* _AIM OF THE EXERCISE_:
Make an exact copy of the entries below and leave any picture out of it.

»»

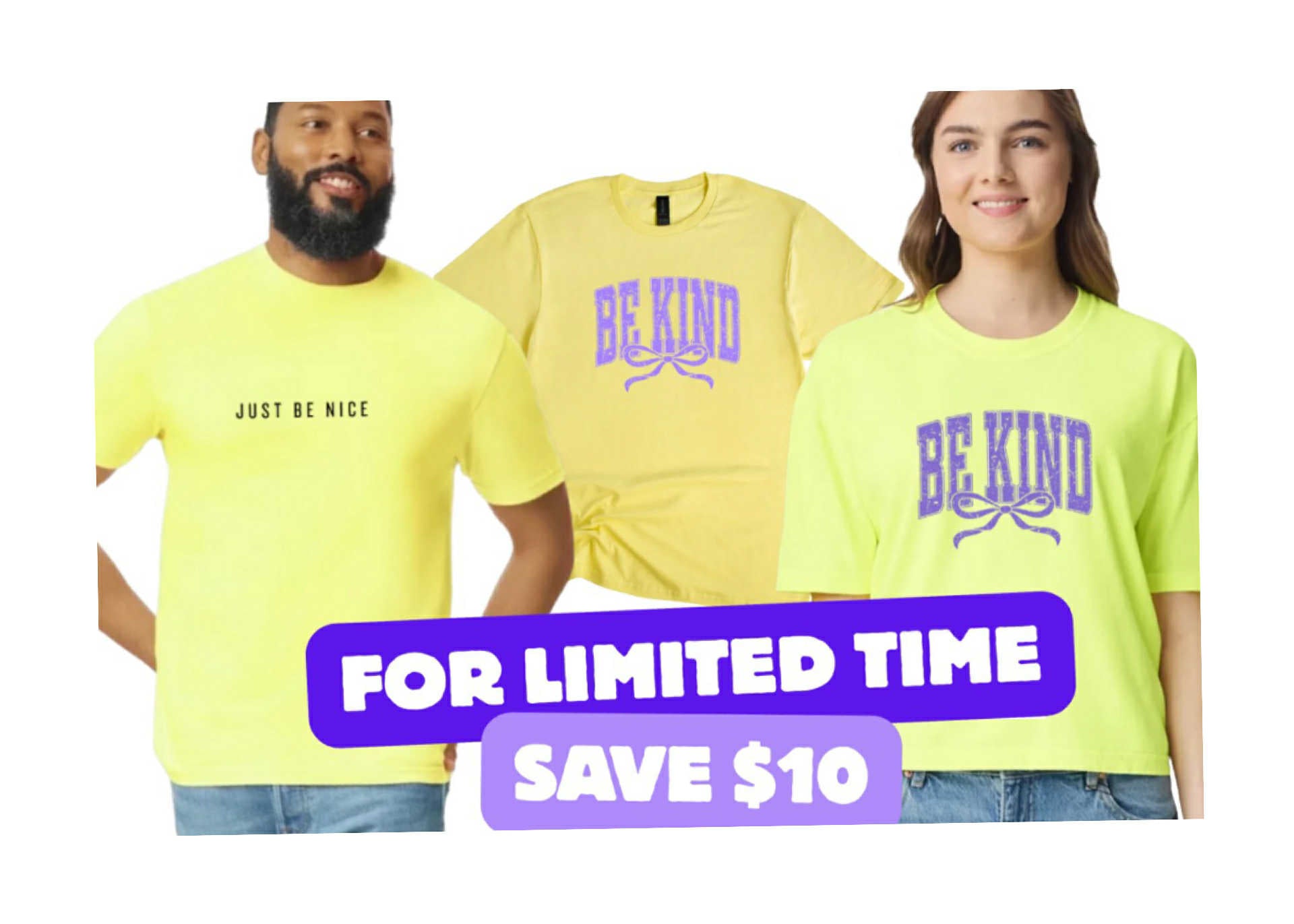 Double up & save! Grab a Be Kind tee with anything else and we'll knock $10 off your order. Use Promo Code BEKIND
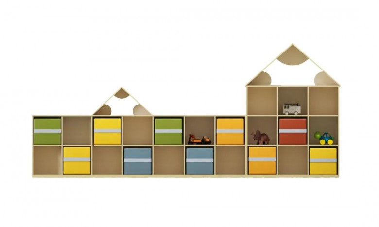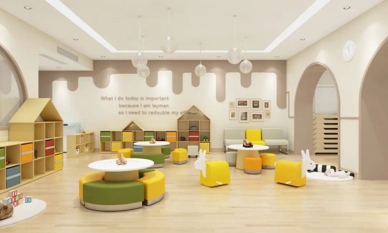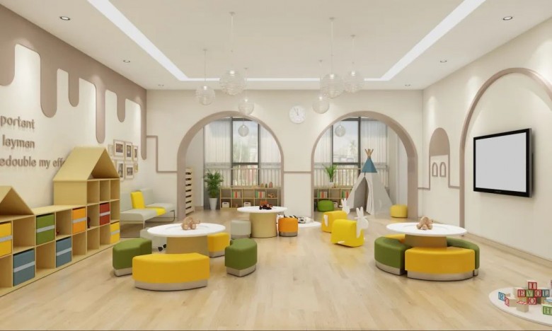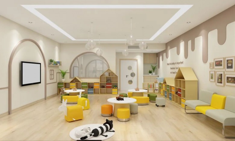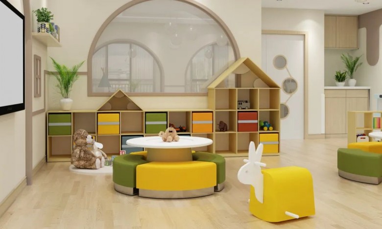 儿童等候区,主要是服务于儿童,包括玩具柜、手工桌、坐凳、排椅以及木马等。玩具柜设计简洁明了,方形框格可存放玩具,也可存放凳子,一格多用。
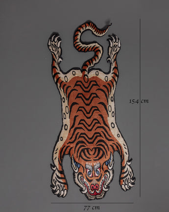 The Handwoven Tiger Design Rug for Home Décor adds a touch of luxury and natural beauty to your home. This rug measures 154cm in height and 77cm in width, making it the ideal size for making a big statement in any room. It's a beautiful tiger pattern reflects the sense of strength and beauty, combining elegance and charm. The viscose material makes the rug not only visually appealing but also soft, making it an excellent complement to any modern or traditional house.
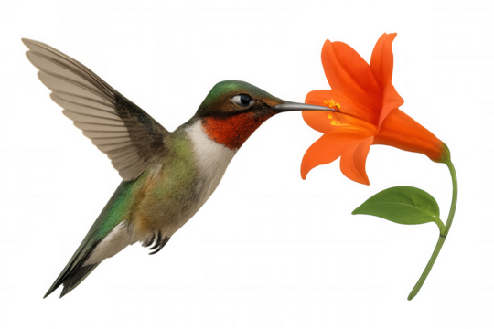 Hummingbird with ruby throat hovering, feeding nectar from an orange trumpet flower with transparent background
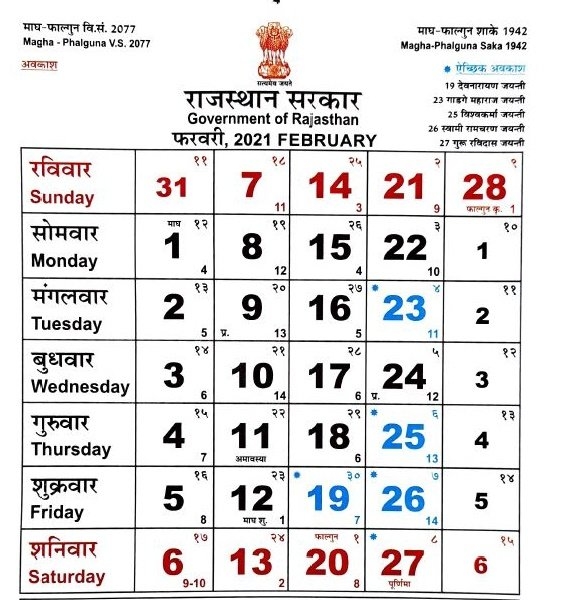 Printable Calendar 2025 Rajasthan Government
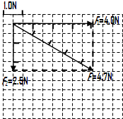(3)取如图所示的两格表示1.0N,则可得出F1、F2,由上图得出两力的方向;作出平行四边形,即其对角线的长度表示力的大小,箭头的指向表示力的方向,故答案如图所示:求得F=4.7N.
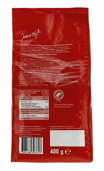 Waffelmischung, teilweise gefüllt und mit 11% Schokolade schokoliert.
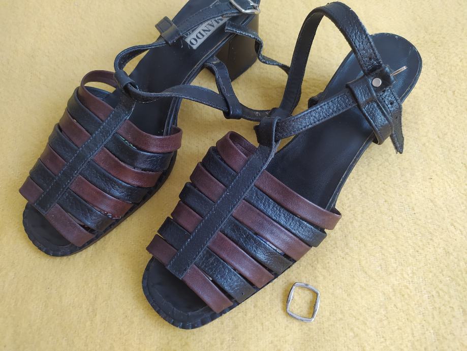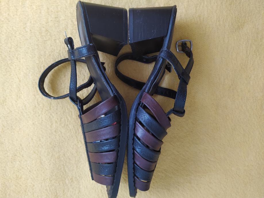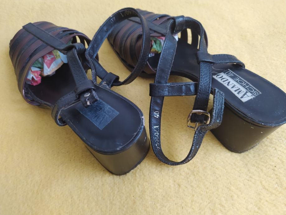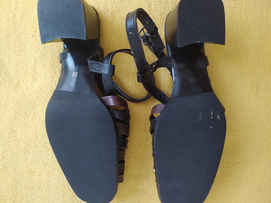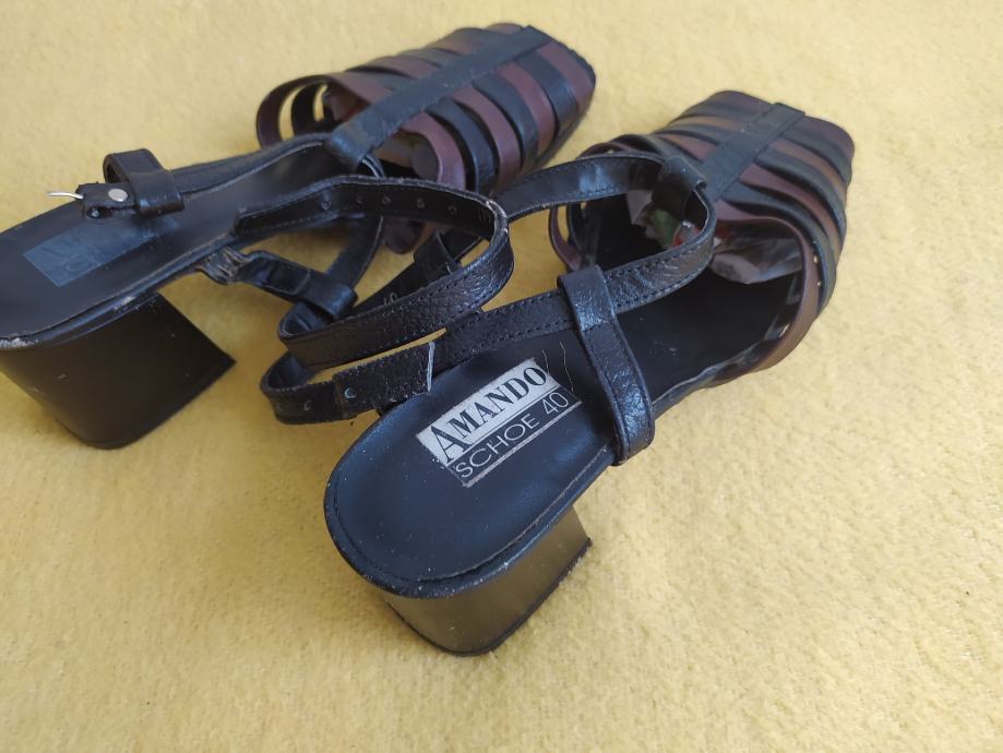 Cipele ženske "Amando" br 39 nove. Crno smeđa boja s prestepanim crnim koncem na gornjoj strani. Gornjište je od kože, unutarnji dio je koža, tabanica guma. Praktične lagane cipele za jesen/proljeće, za grad, šetnju, posao, svaki dan,... Nove nikada nošene. Kopča se potrgala na lijevoj sandali.
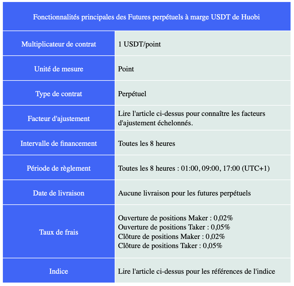 [Références de l'indice des Futures perpétuels à marge USDT>>>]
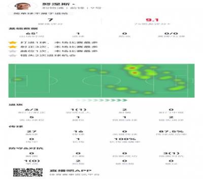 努涅斯本场数据:6射3正,1粒进球,2次错失良机,评分7.0
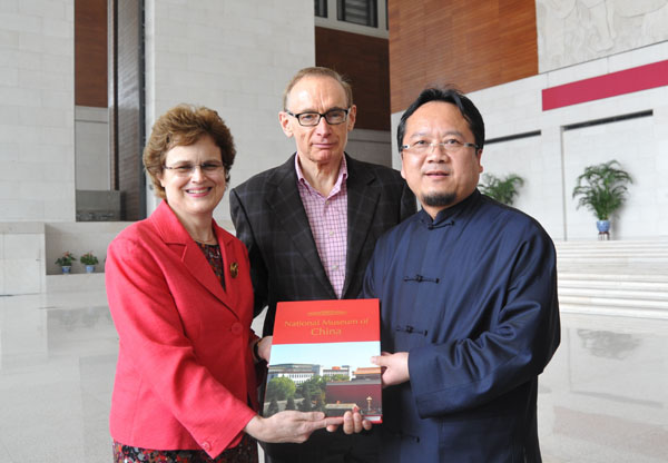 国家博物馆副馆长都海江(右一)向澳大利亚外长鲍勃·卡尔(中)及澳大利亚驻华大使孙芳安(左一)赠送国家博物馆图录
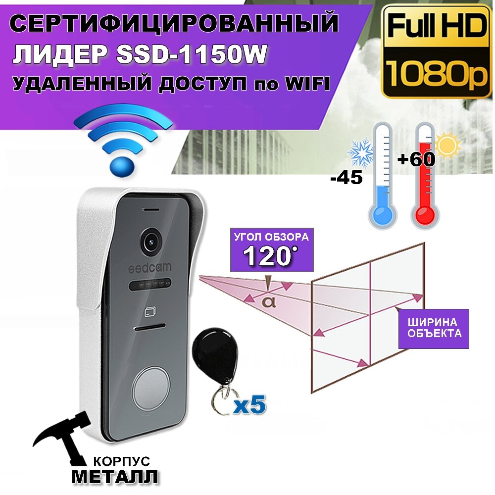 Купить Видеодомофон WiFi ЛИДЕР SSD-1150W, вызывная видеопанель
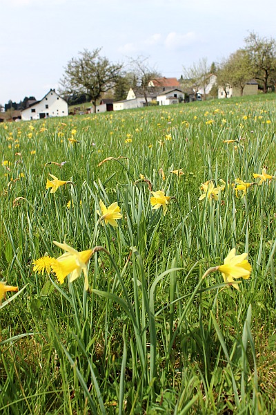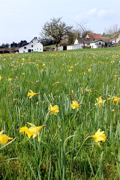 Mitte April bis Anfang Mai findet alljährlich in den Wiesen östlich von Thiergarten ein einmaliges Schauspiel statt. Die wild wachsende "Gelbe Narzisse" (Narcissus preudonarcissus) streckt sich tausendfach der Sonne entgegen und verwandelt die Wiesen im Nationalpark Hunsrück-Hochwald in gelbe Blütenteppiche. Die Frühlingsboten sehen ihren Gartenschwestern, den Osterglocken, zum Verwechseln ähnlich, sind nur etwas kleiner. [1]
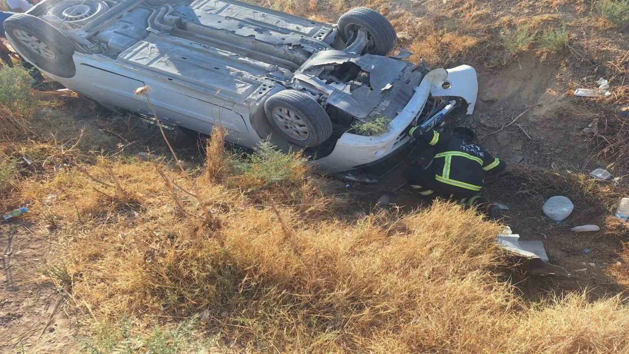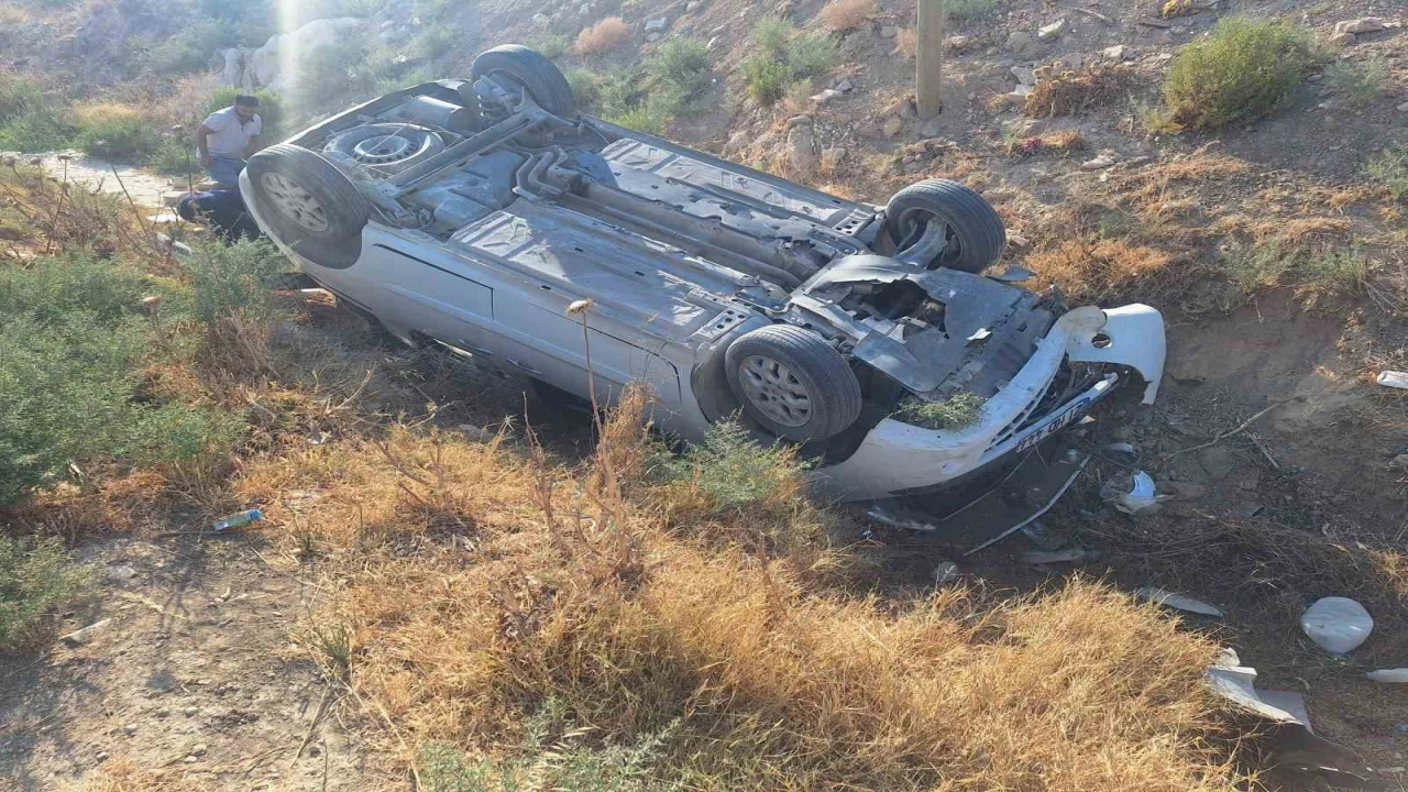 Seyir halindeki 21 HD 444 plakalı hafif ticari araç, sürücüsünün kontrolü kaybetmesiyle şarampole devrilerek ters döndü.
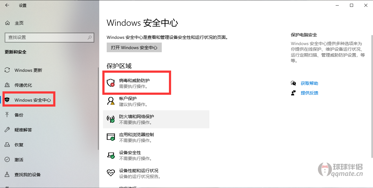 注意1:有些同学打开“Windows安全中心”后,右边是空白,无法进行操作,这时我们用一键开启关闭WD小工具中的开启功能先将WD开启,然后重启系统后就可以操作了~
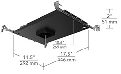 Installing ELEMENT is easy. Product includes butterfly brackets and adjustable steel hangar bars.Flanged trims have minimal thickness.Flangless trims include a crack-resistant plaster plate with no-fill collar that installs after the ceiling to prevent plaster cracking by unifying the plate, ceiling, and housing.Integral gunsights for positioning with laser levels ensure consistent alignment during installation.
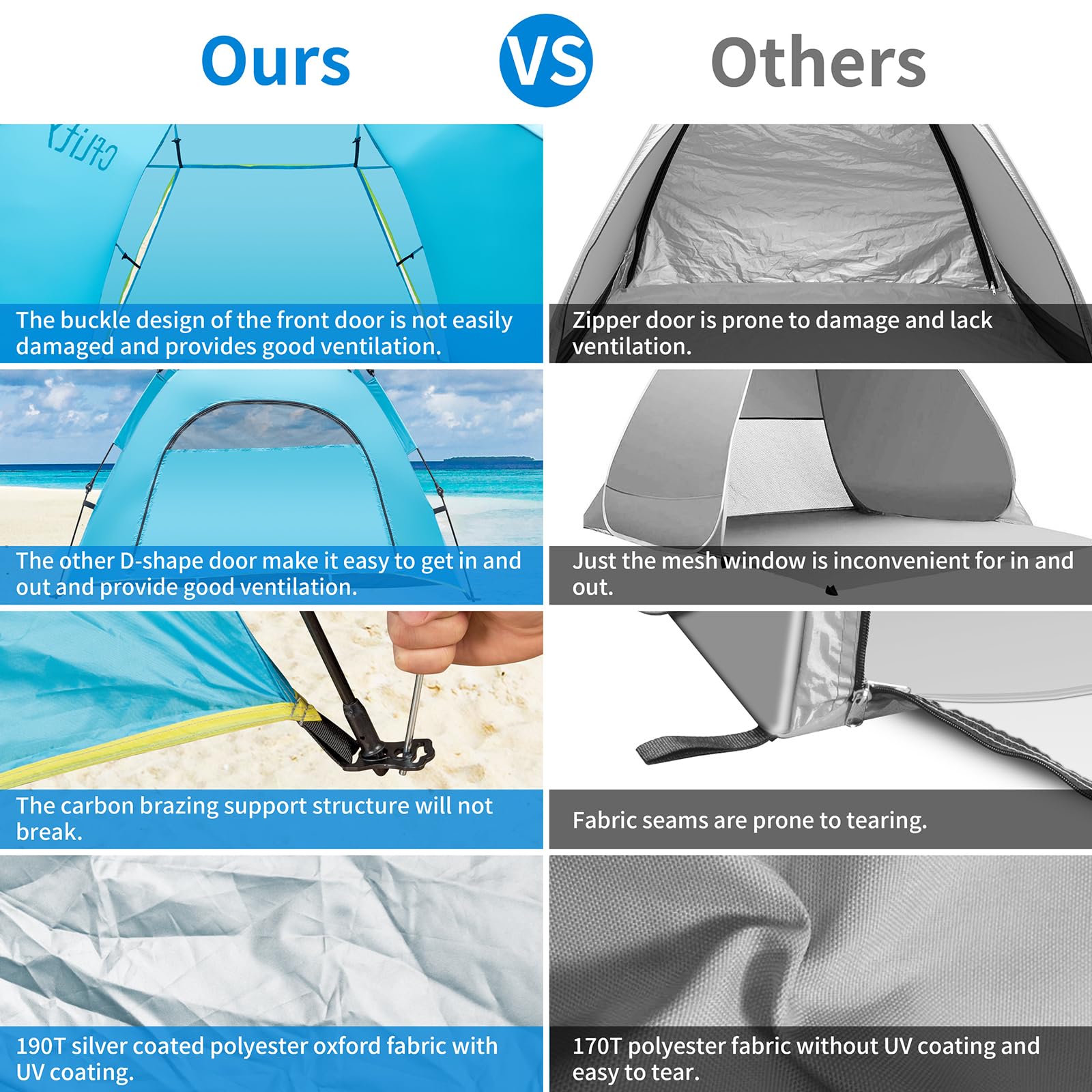 "Advanced Automatic Pop Up Beach Tent: With the design of the automatic hydraulic system, our beach tent is easier to open or fold than traditional tents and can be closed in seconds. The carbon-fiber welded support poles eliminate the worry of pole bending. In addition, the 2 sandbags, 4 wind ropes, and 8 steel stakes enhance the wind resistance and stability of the tent.
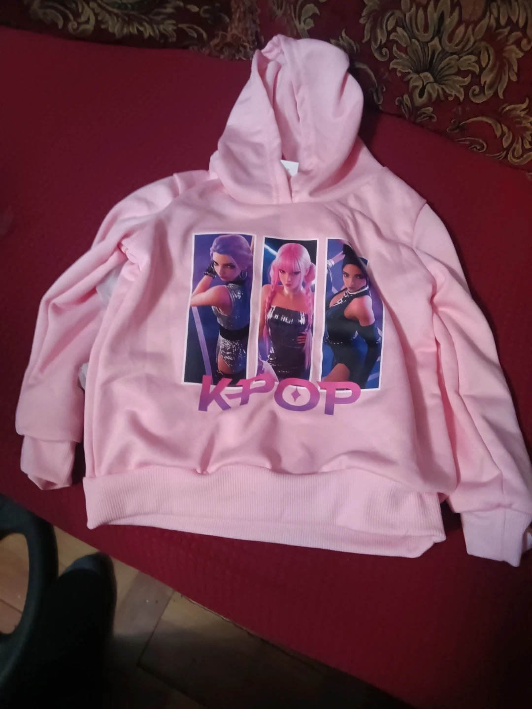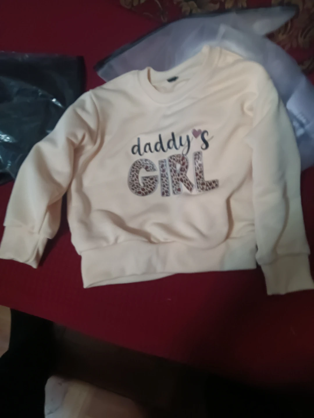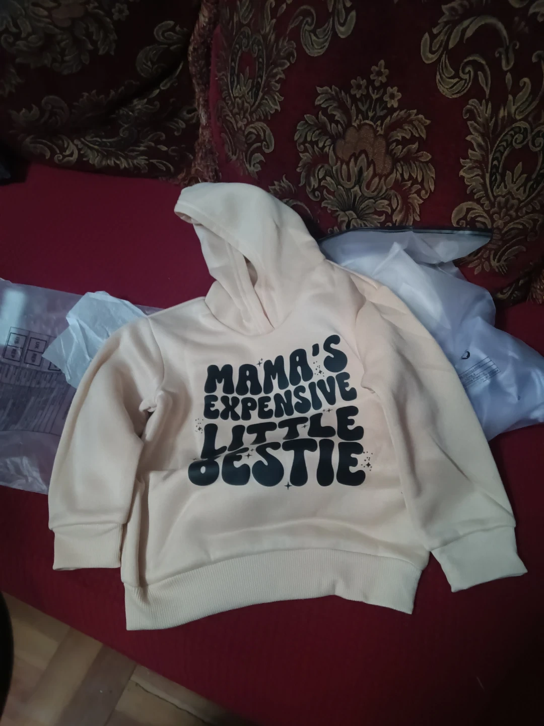 Selling a bundle of assorted children's clothing. Includes a black beanie with a 'V' design, a pink KPOP hoodie, a 'daddy's GIRL' sweatshirt, a heart-patterned pajama set, and a 'Mama's Expensive Little Bestie' hoodie sizes 4Y and 5Y

««

* _TASK OUTPUT_:
 Double up & save! Grab a Be Kind tee with anything else and we'll knock $10 off your order. Use Promo Code BEKIND
 儿童等候区,主要是服务于儿童,包括玩具柜、手工桌、坐凳、排椅以及木马等。玩具柜设计简洁明了,方形框格可存放玩具,也可存放凳子,一格多用。
 The Handwoven Tiger Design Rug for Home Décor adds a touch of luxury and natural beauty to your home. This rug measures 154cm in height and 77cm in width, making it the ideal size for making a big statement in any room. It's a beautiful tiger pattern reflects the sense of strength and beauty, combining elegance and charm. The viscose material makes the rug not only visually appealing but also soft, making it an excellent complement to any modern or traditional house.
 Hummingbird with ruby throat hovering, feeding nectar from an orange trumpet flower with transparent background
 Printable Calendar 2025 Rajasthan Government
(3)取如图所示的两格表示1.0N,则可得出F1、F2,由上图得出两力的方向;作出平行四边形,即其对角线的长度表示力的大小,箭头的指向表示力的方向,故答案如图所示:求得F=4.7N.
 Waffelmischung, teilweise gefüllt und mit 11% Schokolade schokoliert.
 Cipele ženske "Amando" br 39 nove. Crno smeđa boja s prestepanim crnim koncem na gornjoj strani. Gornjište je od kože, unutarnji dio je koža, tabanica guma. Praktične lagane cipele za jesen/proljeće, za grad, šetnju, posao, svaki dan,... Nove nikada nošene. Kopča se potrgala na lijevoj sandali.
 [Références de l'indice des Futures perpétuels à marge USDT>>>]
 努涅斯本场数据:6射3正,1粒进球,2次错失良机,评分7.0
 国家博物馆副馆长都海江(右一)向澳大利亚外长鲍勃·卡尔(中)及澳大利亚驻华大使孙芳安(左一)赠送国家博物馆图录
 Купить Видеодомофон WiFi ЛИДЕР SSD-1150W, вызывная видеопанель
 Mitte April bis Anfang Mai findet alljährlich in den Wiesen östlich von Thiergarten ein einmaliges Schauspiel statt. Die wild wachsende "Gelbe Narzisse" (Narcissus preudonarcissus) streckt sich tausendfach der Sonne entgegen und verwandelt die Wiesen im Nationalpark Hunsrück-Hochwald in gelbe Blütenteppiche. Die Frühlingsboten sehen ihren Gartenschwestern, den Osterglocken, zum Verwechseln ähnlich, sind nur etwas kleiner. [1]
 Seyir halindeki 21 HD 444 plakalı hafif ticari araç, sürücüsünün kontrolü kaybetmesiyle şarampole devrilerek ters döndü.
 注意1:有些同学打开“Windows安全中心”后,右边是空白,无法进行操作,这时我们用一键开启关闭WD小工具中的开启功能先将WD开启,然后重启系统后就可以操作了~
 Installing ELEMENT is easy. Product includes butterfly brackets and adjustable steel hangar bars.Flanged trims have minimal thickness.Flangless trims include a crack-resistant plaster plate with no-fill collar that installs after the ceiling to prevent plaster cracking by unifying the plate, ceiling, and housing.Integral gunsights for positioning with laser levels ensure consistent alignment during installation.
 "Advanced Automatic Pop Up Beach Tent: With the design of the automatic hydraulic system, our beach tent is easier to open or fold than traditional tents and can be closed in seconds. The carbon-fiber welded support poles eliminate the worry of pole bending. In addition, the 2 sandbags, 4 wind ropes, and 8 steel stakes enhance the wind resistance and stability of the tent.
 Selling a bundle of assorted children's clothing. Includes a black beanie with a 'V' design, a pink KPOP hoodie, a 'daddy's GIRL' sweatshirt, a heart-patterned pajama set, and a 'Mama's Expensive Little Bestie' hoodie sizes 4Y and 5Y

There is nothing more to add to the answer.